Yes that's him cally, he looks the image of mine which is so confusing! X


----------



## crabbymare (15 September 2011)

Does yours have a brand? Some are very faint and may not be seen unless the horse is clipped?  It would make identification easier if therewas one.


----------



## Parisexx (15 September 2011)

Never seen one no as never clipped her. Would it be on shoulder or bum? X


----------



## cally6008 (15 September 2011)

Found details ... NED, I should have checked there first, DOH!
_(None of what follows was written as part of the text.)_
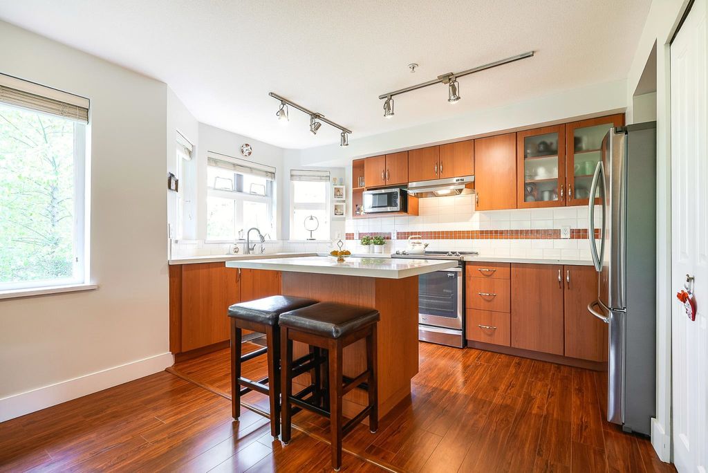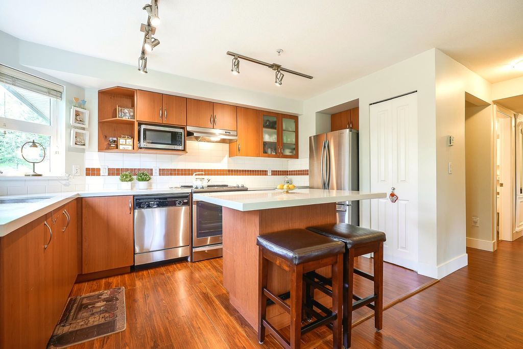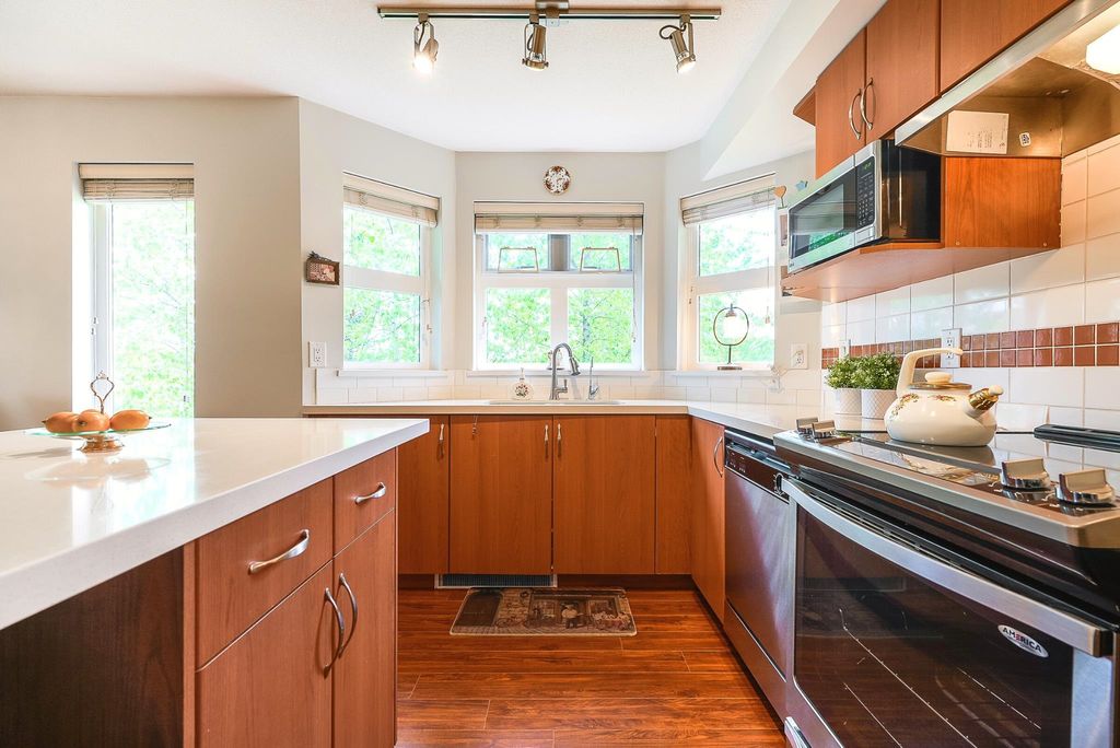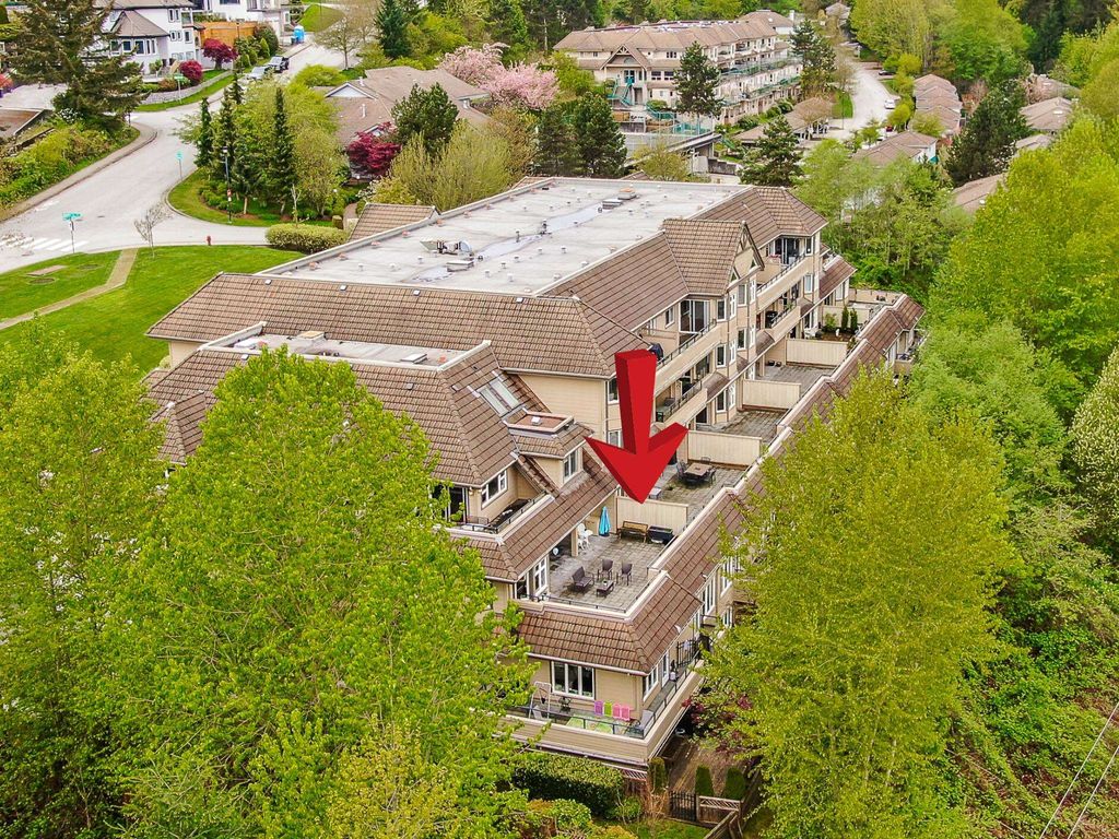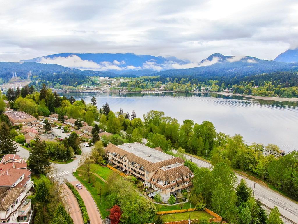 Gorgeous 3 Bed & Den, 2 Bath condo at 'Shoreline Villa' in Port Moody! This immaculate corner unit totals 1257 Sqft of living space, & features upgraded laminate flooring, quartz counters, kitchen island & sink, upgraded washer & dryer, and newer S/S stove & fridge!! East facing kitchen with greenbelt view. MASSIVE 614 Sqft Balcony with views of Burrard Inlet, trees, & surrounding mountains!! Perfect to gather with family & friends, BBQ, or simply relax and unwind. Large Master with ensuite & remaining 2 beds both a good size. Den can be a pantry, office, or extra storage. 2 Parking stalls & 1 Storage locker also included! This Rain-screened complex is close to dining, shopping, beaches, skytrain, and much more.. *Viewings by appointment only- Sat & Sun, May 14th & 15th from 1-3pm.

Equine Details - Evranchin
Date of Birth	
Gender	Female
Colour	Unknown
Height	
Sire Name	Rivaal
Dam Name	Ardoldiene
Breed	(Kwpn)
Submitted by	Warmblood Breeders Studbook &#8211; UK
Studbook/Section	Basic Identity documents
Birth Country	Not supplied by PIO

Warmblood Breeders Studbook &#8211; UK
Tel: 01208 832940
www.bwbs.co.uk
sue@bwbs.co.uk

Evranchin has only had one foal


----------



## Parisexx (16 September 2011)

Oooo that's her dam! Well done u I couldn't find anything! U say she has only had one foal, does it say foals name 
Thank u  x


----------



## crabbymare (16 September 2011)

The brand would be on the bum, but now cally6008 has found the dam thats on her papers you could if you wanted to try to find out if she was dna tested and if so you could get yours tested to see if she really is out of that mare. If she is from the mare then the mystery of the wrong markings may stay a mystery!


----------



## Meowy Catkin (16 September 2011)

Parisexx said:



			Oooo that's her dam! Well done u I couldn't find anything! U say she has only had one foal, does it say foals name 
Thank u  x
		
Click to expand...

I'm sorry to put a dampener on things, but I don't believe that Evranchin is your mare's dam. 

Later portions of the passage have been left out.